Definition of abbreviations: AZLI = aztreonam lysine; AZM = azithromycin; BMI = body mass index; CF = cystic fibrosis; FEV1pp = FEV1 percentage predicted; PE = pulmonary exacerbation events; TOB = tobramycin.

Data provided as n (%) unless otherwise specified.

*

Exact matching within age groups (6–35, 36–40 yr) and within groups for best FEV1pp in the past 6 mo (<60%, 60% to <80%, 80% to <90%, 90% to <100%, ≥100%).

Reference group: baseline year 2010–2012.

Lung function change and use of intravenous antibiotics among matched groups of TOB or AZLI users are summarized in Table 3 and represented in Figure 3. Among TOB users, AZM use did not associate with slower decline in FEV1pp/year (difference in slope, −0.16 FEV1pp/yr; 95% CI, −0.44 to 0.13) (Table 3 and Figure 3).
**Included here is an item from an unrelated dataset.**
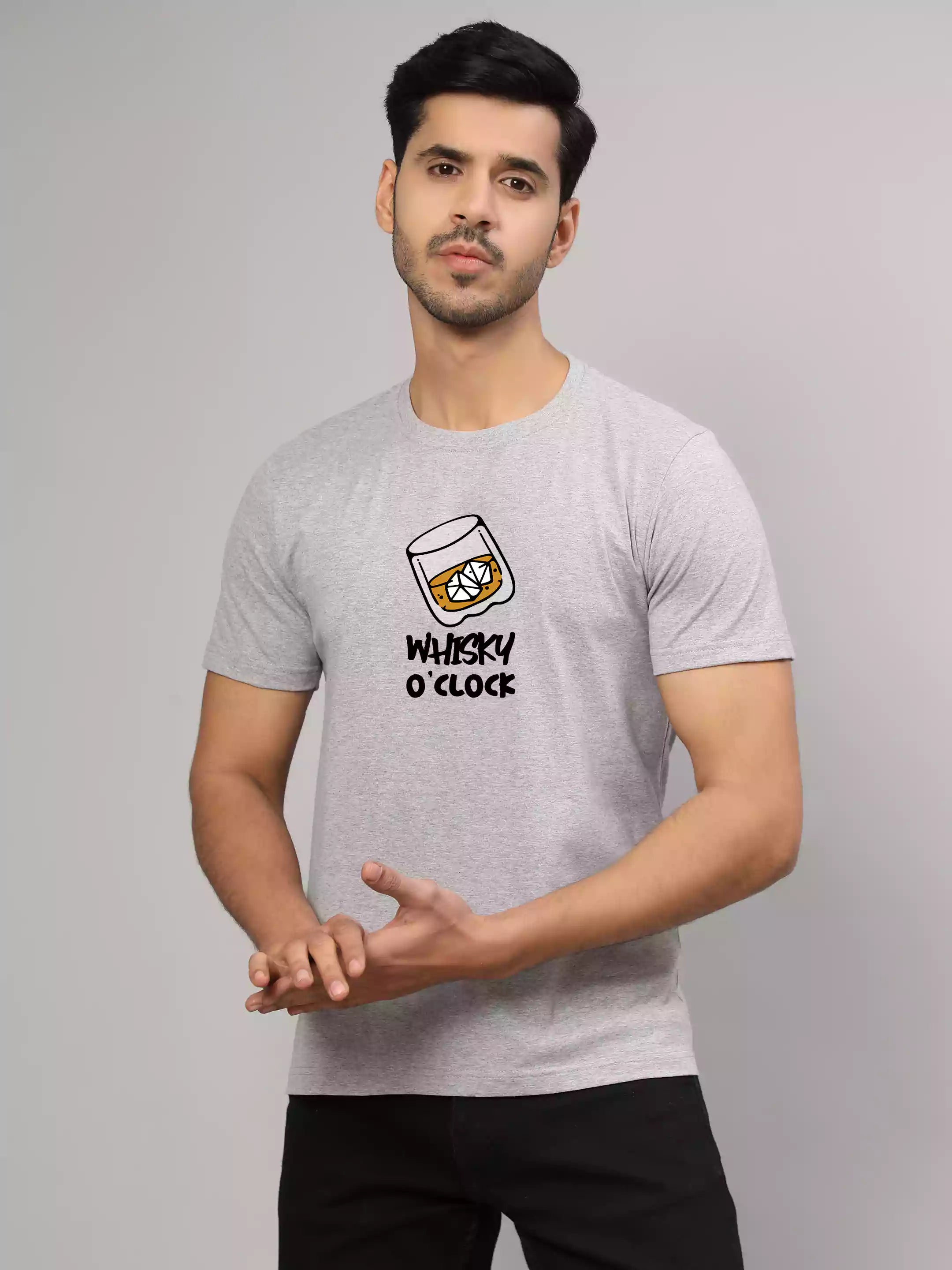 Whisky O'clock - Sukhiaatma Unisex Graphic Printed  Grey T-shirt

Fewer people were identified as using AZLI alone, but in this group, AZM use generally associated with slower rate of decline in lung function (difference in slope, 0.49; 95% CI, −0.11 to 1.10; using yearly max FEV1pp, difference was 0.70; 95% CI, 0.01–1.39). AZM use was not associated with intravenous antibiotic treatment for PEx in either group. Notably, not all users of chronic inhaled antibiotics met our microbiological criteria for PA-positive status. Among those who did, outcomes were similar (Table E4).

Table 3.

FEV1 Rate of Change and Pulmonary Exacerbation Outcomes among Cohorts 3 and 4: Chronic Inhaled Antipseudomonal Tobramycin or Aztreonam Lysine for Low and High Azithromycin Usage

  TOB (n = 3,906) AZLI (n = 872)
FEV1pp, slope/yr (all data)    
 Low AZM −1.73 −2.21
 High AZM −1.88 −1.72
 High AZM − low AZM −0.16 0.49
 SE for high AZM − low AZM 0.15 0.31
 95% CI −0.44 to 0.13 −0.11 to 1.10
P value 0.287 0.109
FEV1pp, slope/yr (yearly maximum)    
 Low AZM −2.69 −3.05
 High AZM −2.75 −2.35
 High AZM − low AZM −0.06 0.70
 SE for high AZM − low AZM 0.15 0.35
 95% CI −0.35 to 0.24 0.01–1.39
P value 0.706 0.049
Intravenous antibiotic–treated PEx    
 Low AZM, mean PEx rate in 12 mo 0.68 0.85
 High AZM, mean PEx rate in 12 mo 0.68 0.83
 Rate ratio 1.00 0.98
 95% CI 0.91–1.11 0.82–1.18
P value 0.952 0.838

Definition of abbreviations: AZLI = aztreonam lysine; AZM = azithromycin; CI = confidence interval; FEV1pp = FEV1% predicted; PEx = pulmonary exacerbations; TOB = tobramycin.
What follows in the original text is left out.